Until recently, the majority of research on the tumour-promoting effects of stress was focused on the neuroendocrine regulation of the immune response [26, 27]. In last years, more direct neuroendocrine effects on cancer cell proliferation, growth and invasion have been proved [27]; the identification of specific molecules responsible for such effects is presently an important target of oncologic research. Growing evidence indicate that tumour promotion by chronic stress rely largely on induction of catecholamine release. Indeed, substantial amounts of norepinephrine and epinephrine are produced during chronic stress due to the activation of sympathoadrenal medullary axis. Catecholamines in turn stimulate in several tissues, including various tumour types and surrounding cells, the production of different proteins that can help tumour development: these include metalloproteinases, growth factors and cytokines [28-30]. The specific contributions and roles of these proteins in tumour growth and metastatization need to be dissected, to understand the mechanism of stress-induced tumour promotion and to identify effective targets for therapy. In an orthotopic mouse model of stress-promoted ovarian carcinoma, the promoting effect of stress was recently shown to be mediated primarily through activation of the tumour cell cyclic AMP (cAMP)–protein kinase A (PKA) signalling pathway by the β2-adrenergic receptor and, specifically, by resulting neovascularization. In this context, catecholamine-induced increase in the tumour levels of the VEGF-A was identified as an important step downstream of the activation of cAMP-PKA signalling. These results constituted a major advancement in the understanding of stress effect on in vivo tumour development.

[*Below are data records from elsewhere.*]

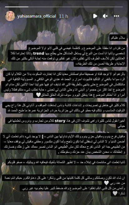 وأضافت: “الحمد لله عندي الوعي الكافي والمسؤولية الكافية كي لا أتكلم عن الموضوع، حتى ينتهي بالطريقة التي يرى الله أن فيها الخير لنا، لكن بما أن الموضوع أخذ أكبر من حجمه وأذاني أنا ومن يحبونني، فأود أن أطلب منكم شيئا، فضلا وليس أمرا وأنا أختكم، أن يُغلق الموضوع اليوم وأن نترك الخلق للخالق”.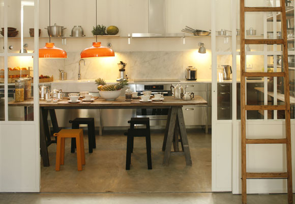 Junto a esta sala de estar se encuentra la cocina, y tanto la sala como la cocina pueden alquilarse puntualmente para eventos, fiestas o presentaciones.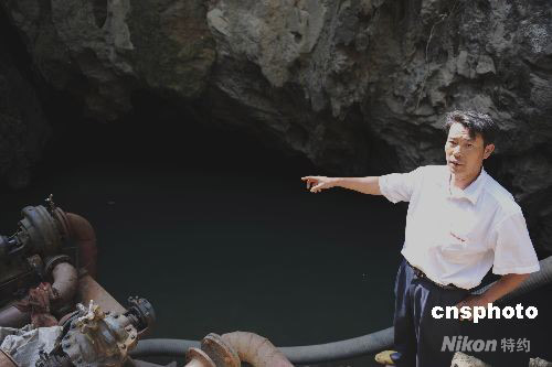 圖為受砷污染飲用水源的村民在介紹水源受污染情況。中新社發(fā) 蔣雪林 攝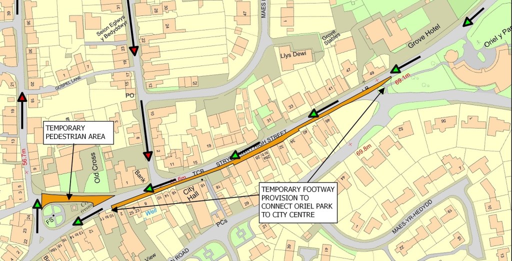 The new system will see High Street become one-way from Oriel y Parc (the Pembrokeshire Coast National Park visitor centre) to Cross Square. This will allow the footway along the whole route to be considerably widened and marked using traffic cones.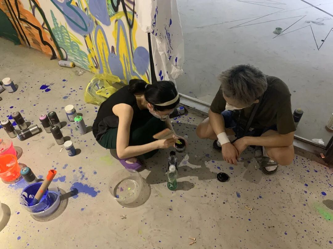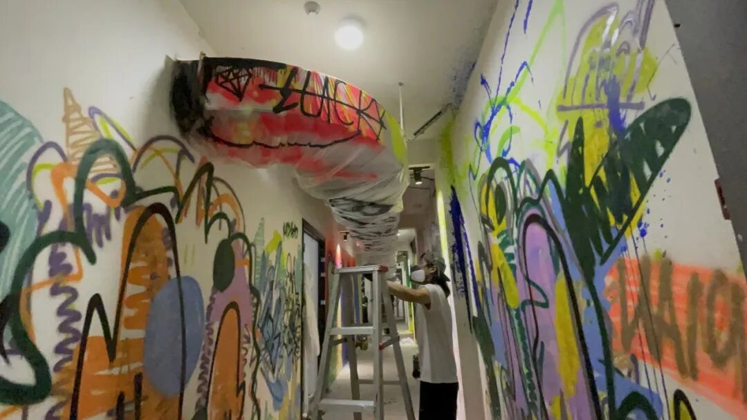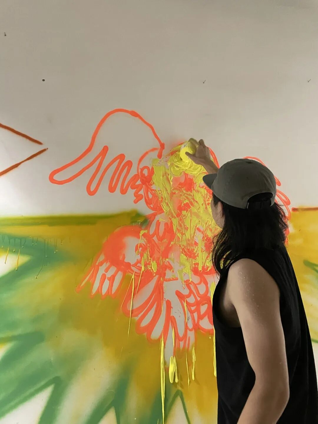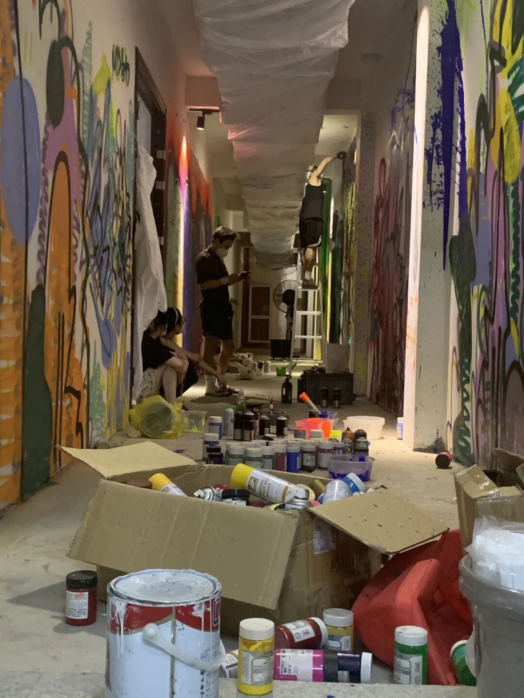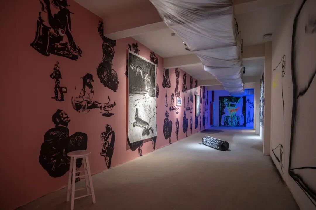 陈镒晗在布展期间的涂鸦以及综合材料创作

Here we confirm that the activation of the β2-adrenergic receptor is responsible for stress-induced tumour growth in another model, that is syngeneic ortothopic melanoma, and, importantly, add a piece of information, by demonstrating that, among potential VEGF targets, eNOS represents a key factor ultimately responsible for stress effect. Indeed, stress induced an increase of tumour eNOS levels in wild-type animals, as clearly demonstrated by Western blot analysis of melanoma tissues; as definitely, as a crucial evidence of eNOS role in this pathway of tumour promotion, stress was not able to promote melanoma growth in eNOS−/− mice. These results provide a novel element in the understanding of the pathway that links stress with cancer progression. More in general, they contribute to recognize eNOS as a pivotal enzyme in the neoplastic process. Nitric oxide is a critical downstream mediator of potent angiogenic agents such as VEGF [15], basic fibroblast growth factor [16], Ang-1 [31], insulin-like growth factor [29] and transforming growth factor (TGF)-β[15]. Previous studies attributed to iNOS, a major role in tumourigenesis [23, 32]. However, recent results assigned a prevalent role to eNOS in several cancer models [32-35], including liver tumours [32], prostate adenocarcinomas [35] and others [17]. Finally, oxidative stress has been recently correlated also with the response of patients affected by hepatocellular carcinoma to sorafenib combined with a somatostatin analogue (octreotide) [36]. Therefore, it appears that stress can play a role also in the determination of the clinical outcome of cancer patients.

Moreover, our results in orthotopic melanoma lend support to validation of eNOS as an important molecule in tumour development and a possible target of anti-neoplastic therapy.